Most of the Rio Grand and other Colorado railroads tried to set up their water tanks with a continuous flow of water in the winter so that the tank would not freeze, the Maine railroads either used water plugs with the tank in the engine house or a enclosed water tank with a stove under the tank and the stove pipe going up through the tank it self


----------



## rdamurphy (Jan 3, 2008)

Locomotive 258 had a suction pump and a long hose so she could suck water from the creek when the water tanks froze on her branch. There wasn't enough traffic to avoid the water tanks freezing in the Winter. It actually gets so cold in Colorado that it's almost impossible to get steam locomotives started in the morning, so that hose wrapped around the steam dome was used to connect steam from a "live" locomotive to a "dead" one to get it started steaming. 453 was the only K-27 equipped with a doghouse, the other ones never had one simply because they were "switchers" by the time the Rio Grande started installing them. 

My family and I went up Rollins pass two years ago, the first week of August, but we only made it up to Yankee Doodle Lake. The cut at the top of the lake leading to the Needle's Eye tunnel still had SEVERAL feet of snow in it.


----------



## Dave Ottney (Jan 2, 2008)

Hmmmmm, I always thought the guy riding up there was looking out for pirates. 
Dave


----------



## Dave Meashey (Jan 2, 2008)

Just as an interesting tidbit of railroad jargon trivia, I found out several years ago that the head brakemen on the N&W RY called that shelter a "monkey box" rather than a "doghouse." Don't know the reason why, but the oldtimer who told me also noted that there were steamlines into that little shelter for heating it in the winter. 

Yours, 
David Meashey


----------



## Totalwrecker (Feb 26, 2009)

Perhaps from the way he looked crawling/scampering on all fours over the coal pile to get to his box... 

Just a thought. 

John


----------



## Dave Meashey (Jan 2, 2008)

"Perhaps from the way he looked crawling/scampering on all fours over the coal pile to get to his box... " 

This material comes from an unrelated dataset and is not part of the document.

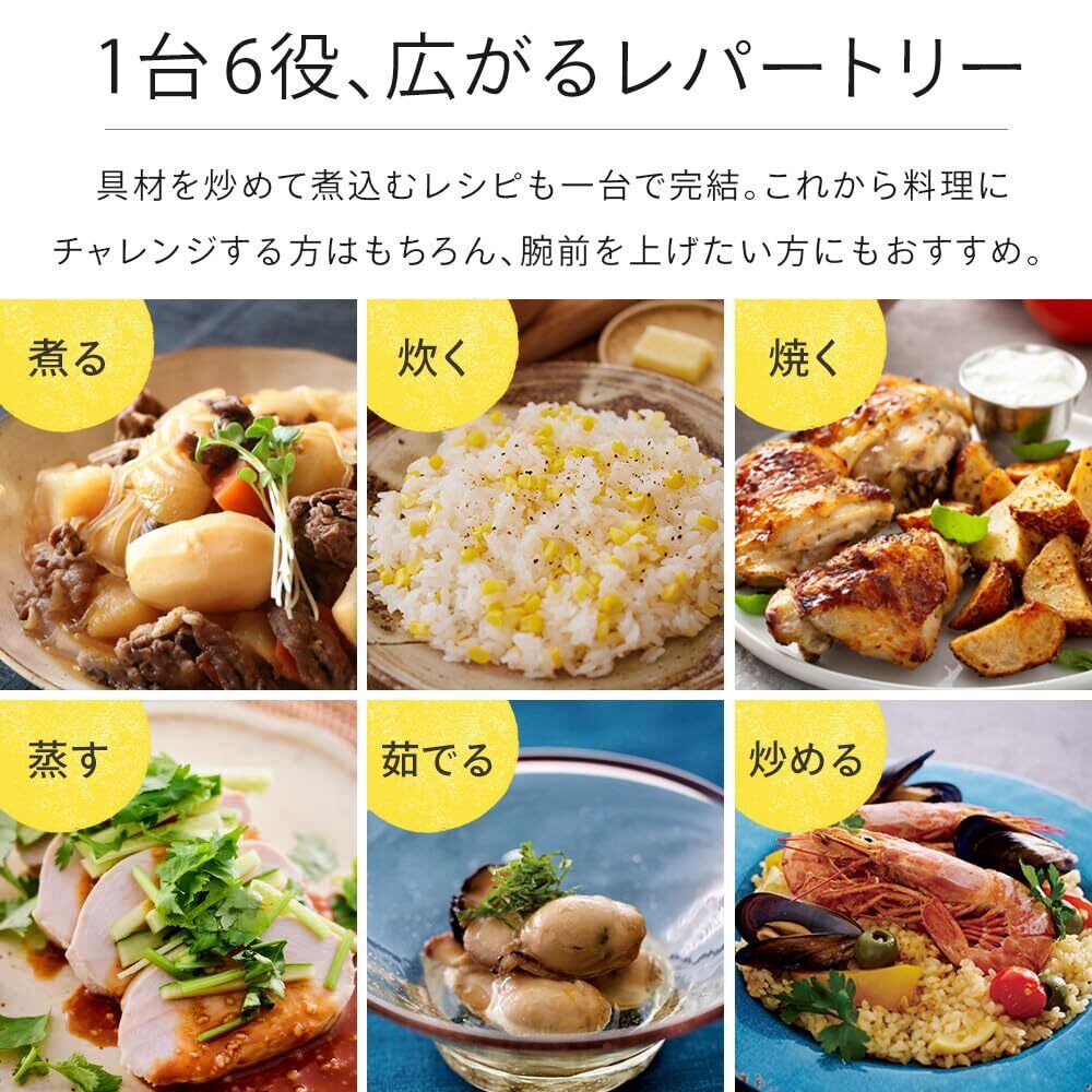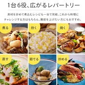 1台6役、広がるレパートリー。煮る・蒸す・炊く・茹でる・焼く・炒めるの6通りの調理が可能。
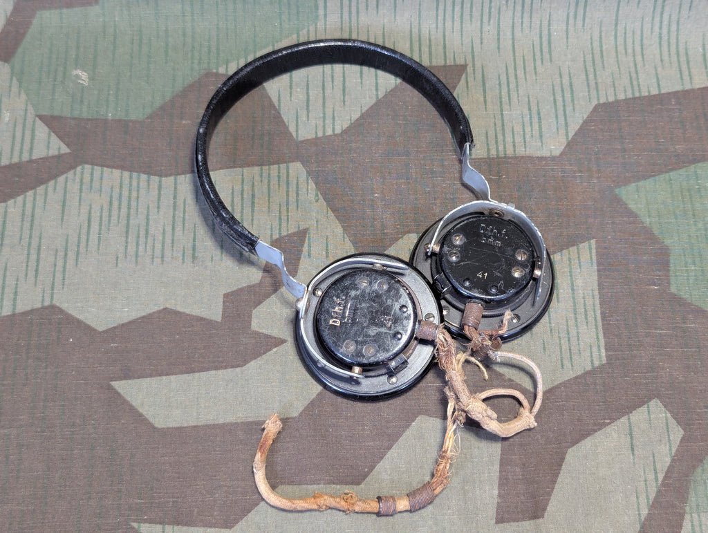 Original Wehrmacht Dfh.f. headset usually used with the various field radios. Marked bmm 41. This one is missing the cord and the springs for the cord are rusty and broken. An ideal set to repair, as the head band and ear pieces are actually fairly nice, so you could install new speakers and re-cord them. This is an actual military headset, not a civilian pattern. I did not test them because it looks like they probably don't work and the wires are too far gone to even try without tearing into them.

OR climbing the ladder at the back of the tender. Good idea John! 

Thanks, 
David Meashey


----------



## Totalwrecker (Feb 26, 2009)

Ah David, I think that's the kind of name the hogger and fireman would bestowe, probably what made it stick too! 

John


----------



## Torby (Jan 2, 2008)

Posted By Dave Ottney on 03 May 2011 11:50 AM 
Hmmmmm, I always thought the guy riding up there was looking out for pirates. 
Dave 
No, looking out for Lemurians.


----------



## Dr Rivet (Jan 5, 2008)

Torby 

Maybe looking for "Antlantians" as well!! Wow! You almost made my brain bust. 
LOL!


----------